Harry waited. He took a swig of coffee. Braced himself.

‘He could be away for several days in a row. I didn’t know what to do. He did as he wanted. I rang the police, psychologists, sociologists. He wasn’t legally an adult, yet there was nothing anyone could do unless there was evidence of taking drugs or law-breaking. I felt so helpless. Me! Who always thought it was the parents who were at fault, who always had a solution at hand when other parents’ children went off the rails. Don’t be apathetic, don’t repress. Action!’

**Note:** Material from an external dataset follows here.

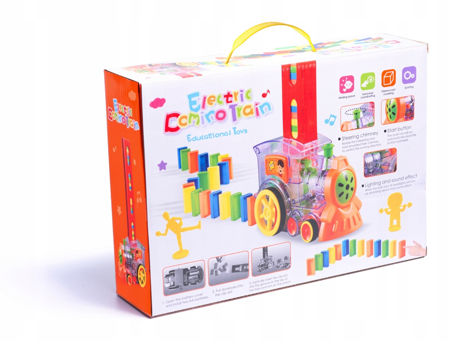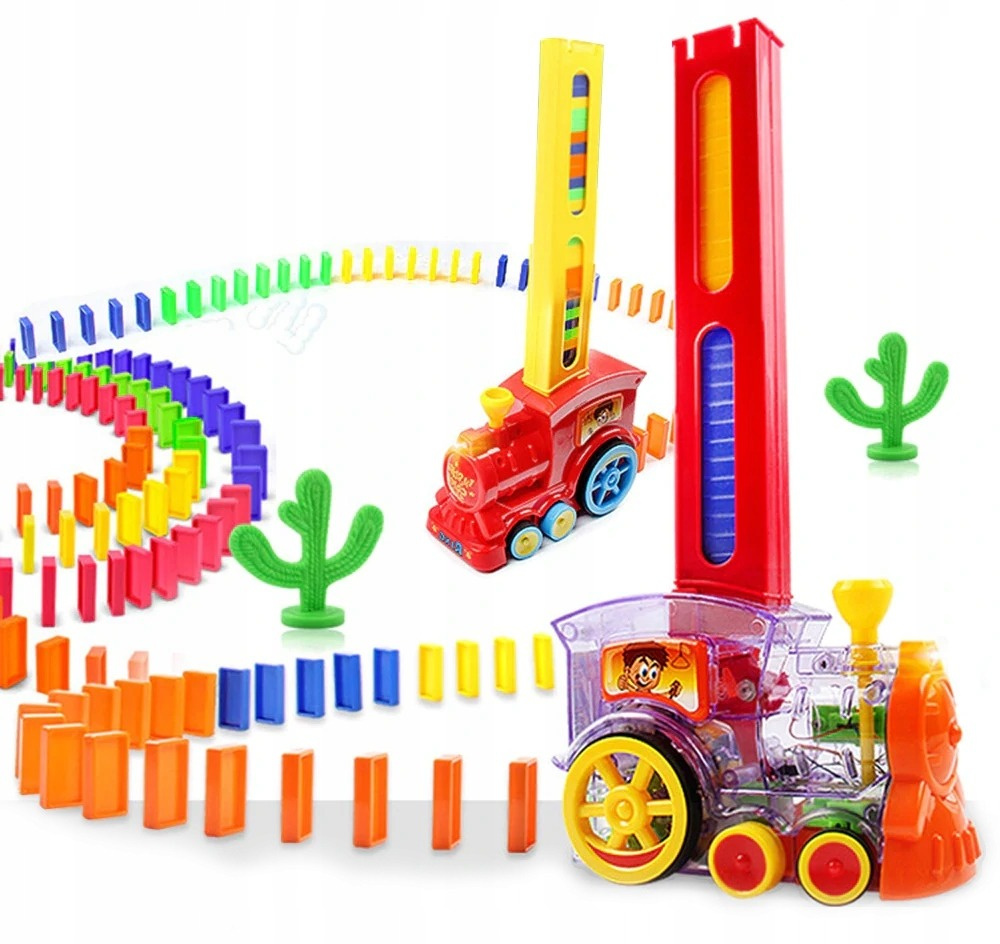 Zabawkowa, interaktywna kolejka z klockami Domino i dźwiękami dla dzieci. Zabawka wspiera poprawny rozwój Twojego dziecka, pobudza jego wyobraźnię oraz logiczne myślenie. Dla dzieci od lat 3.

Harry looked at her hand beside his on the coffee table. The delicate fingers. The fine veins on the pale hand that was normally tanned so early in the autumn. But he didn’t obey his impulse to cover her hand with his. Something was in the way. Oleg was in the way.

She sighed.

‘So I went to the city centre and searched for him. Night after night. Until I found him. He was standing on a corner of Tollbugata and was pleased to see me. Said he was happy. He had a job and was sharing a flat with some friends. He needed his freedom. I shouldn’t ask so many questions. He was “travelling”. This was his version of a gap year, sailing round the world, like all the other kids on Holmenkollen Ridge. Sailing round the world of Oslo city centre.’

‘What was he wearing?’

‘What do you mean?’

‘Nothing. Go on.’

‘He said he would be home again soon. And would finish his studies at school. So we agreed he would come back and have Sunday lunch with me.’

‘And did he?’

‘Yes. And when he’d left I saw that he had been in my bedroom and stolen my jewellery box.’ She took a long, quivering breath. ‘The ring you bought me in Vestkanttorget was in the box.’